The schools had the Bible and prayer removed from the classrooms, where they are no longer allowed to sing the national anthem, as government and the judiciary demonstrate their treason to God, the Supreme Ruler over the land. Heaven forbid that we should offend these cults, which not only dislike us, but are also preparing to kill us the moment that they gain the upper hand in this nation! The name of the game has become appeasement through that thing called Political Correctness, which, in fact, is not about correctness at all.
As I look out this morning over the water from my window and know that the United States is just on the other side, I could weep for the sad state of that land and the terrible government that is changing her as quickly as it can. Before she knows it, America will no longer be the land of the free when, too late, the sleeping giant awakes to discover that they were just a few little people who had managed to bind him in the chains of liberalism while he slept.

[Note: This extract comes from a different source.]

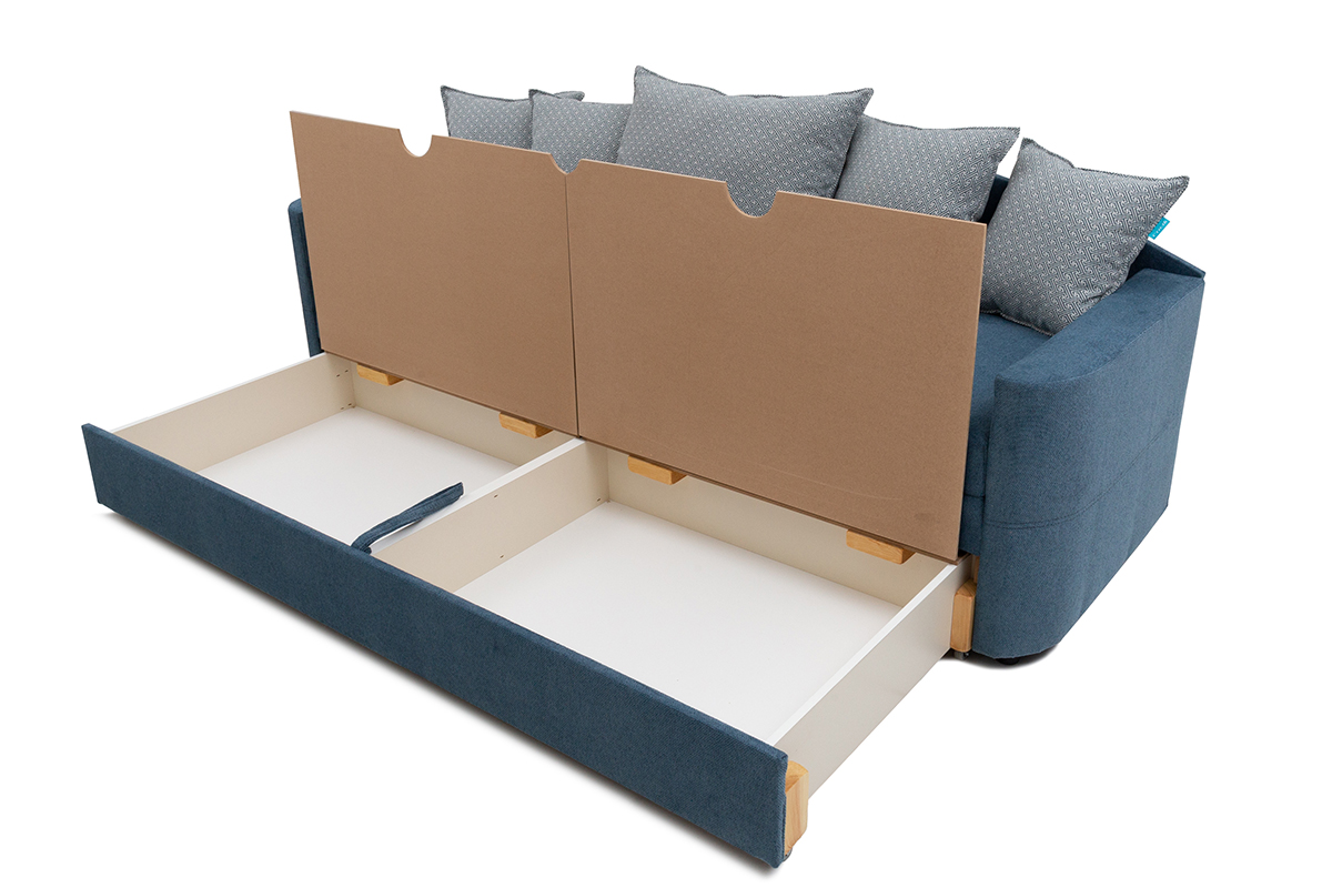 Способ раскладывания: потянуть за потайной ремешок и выдвинуть до полного разложения, откинуть подушки или матрац назад.

I am afraid the dream is nearly dead, and that it is all over, but for the shouting. In no time the lights of Hollywood and New York are going to dim and even go out. When the reality sinks in, perhaps we, at last, will come to value the truth we once knew in this land, which came from God.
He was the One, all along, Who was behind the dream. He was the One Who gave us the good life, the peace and liberty we have enjoyed ever since our ancestors provided us with constitutions to protect our liberty in God. What fools we have been to lose all that was handed to us on a silver platter! They created this land through sacrifice and now, in pain and suffering, we will give it up without a whimper and turn it over to the cults who care nothing for the dream.

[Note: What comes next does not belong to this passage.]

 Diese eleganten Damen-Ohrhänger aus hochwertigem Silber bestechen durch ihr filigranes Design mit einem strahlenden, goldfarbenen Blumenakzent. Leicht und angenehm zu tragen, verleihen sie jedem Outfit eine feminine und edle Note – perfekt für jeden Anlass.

Woe to us, for our days are numbered! God is not dead but very much alive, and what He once protected as His own will now feel His wrath. Get ready, America, for the floods, hurricanes, fires and earthquakes. Mother Nature has nothing to do with it, but Father God will let us know exactly who is in charge over this land.
As I turned off the television last night, I felt in my heart that the dream I once had about America had died. A deep sadness filled my soul for the terrible loss of all freedom-lovers everywhere, who have shared in my dream.